Slide 11: Once we have the expected frequency we can now calculate the chi-square statistic. So it is
our observed frequency for female –left handed, 12 minus the expected value 14.4 that difference
squared divided by the expected value 14.4 plus the next proportion, the number of females right
handed,108 minus the expected value 105.6 that difference squared divided by the expected frequency
105.6 then you continues to add the results of the males. This gives you a chi-square value of .7576.

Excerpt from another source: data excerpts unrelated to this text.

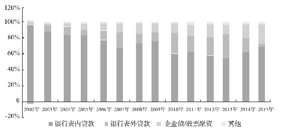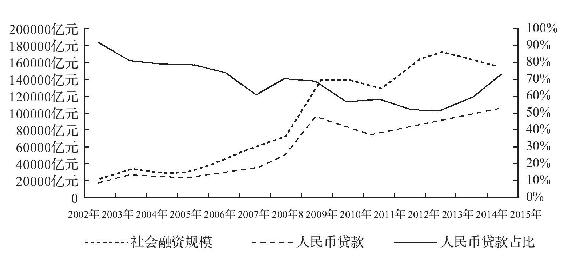银行资产方的金融脱媒可以从银行的贷款额得到反映。由图2-2可以看出,新增人民币贷款额的增长与社会融资总量的变动趋势虽然相同,但差距越来越大;从新增人民币贷款额占社会融资总量的比例来看,银行信贷在社会融资总量中的结构占比总体呈现下降的趋势,由2002年的91.86%降到2013年的51.3%,反映出其他50%左右的资金是通过银行信贷之外的融资方式来解决的,但这一比例在2014年和2015年有所反弹。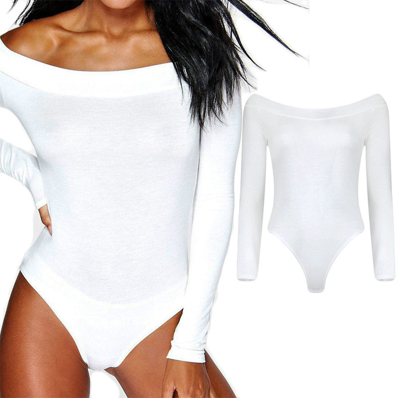 Loose Solid Women Off Shoulder Bodysuit Top Stretch Autumn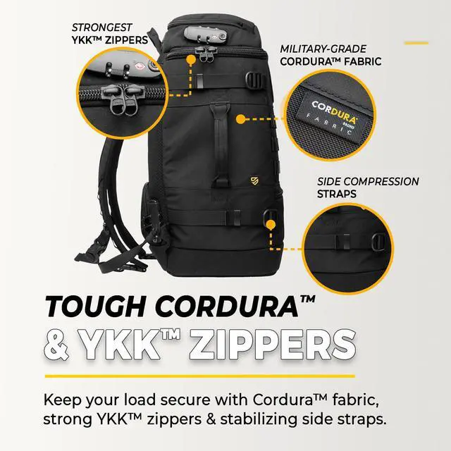 3 BUILT FOR HARD USE Cordura Fabric & YKK Zippers Constructed from military-grade Cordura and YKK zippers, this bag resists tears, abrasion, and rain. You can throw it in an overhead bin, drag it through mud, or haul it up a mountain its built to last years, not months.

Slide 12: Our test statistic is 0.7576 which is greater than our critical chi square of 3.841 at alpha of .05,
so we do not reject H not and conclude that there is not sufficient evidence that the two proportions are
different at = 0.05.
Slide 13: Here’s how we would calculate it in Excel. You want to create your contingency table. Then
create your expected frequency table. If it’s easier you can then create the observed minus the
expected table. Then you want to calculate the difference squared divided by the expected table shown
here. The degrees of freedom are equal to the number of rows -1 times the number of columns -1. You
then want to use the chi-square inverse right tailed function with parameters equal to alpha and the
degrees of freedom. To determine your chi square test statistic you need to use the chi-square test
statistic you need to sum the following table. The p-value is the chi square distribution right tailed
function except instead of alpha you use the test statistic. This gives you are p-value of .3841. So based
on the fact that the test statistic .7576 is less than the critical value we do not reject the null. Also you
can base it on the p-value. Since the p-value of .3841 is greater than alpha we do not the null and
conclude that there is not sufficient evidence that the two proportions are different at = 0.05.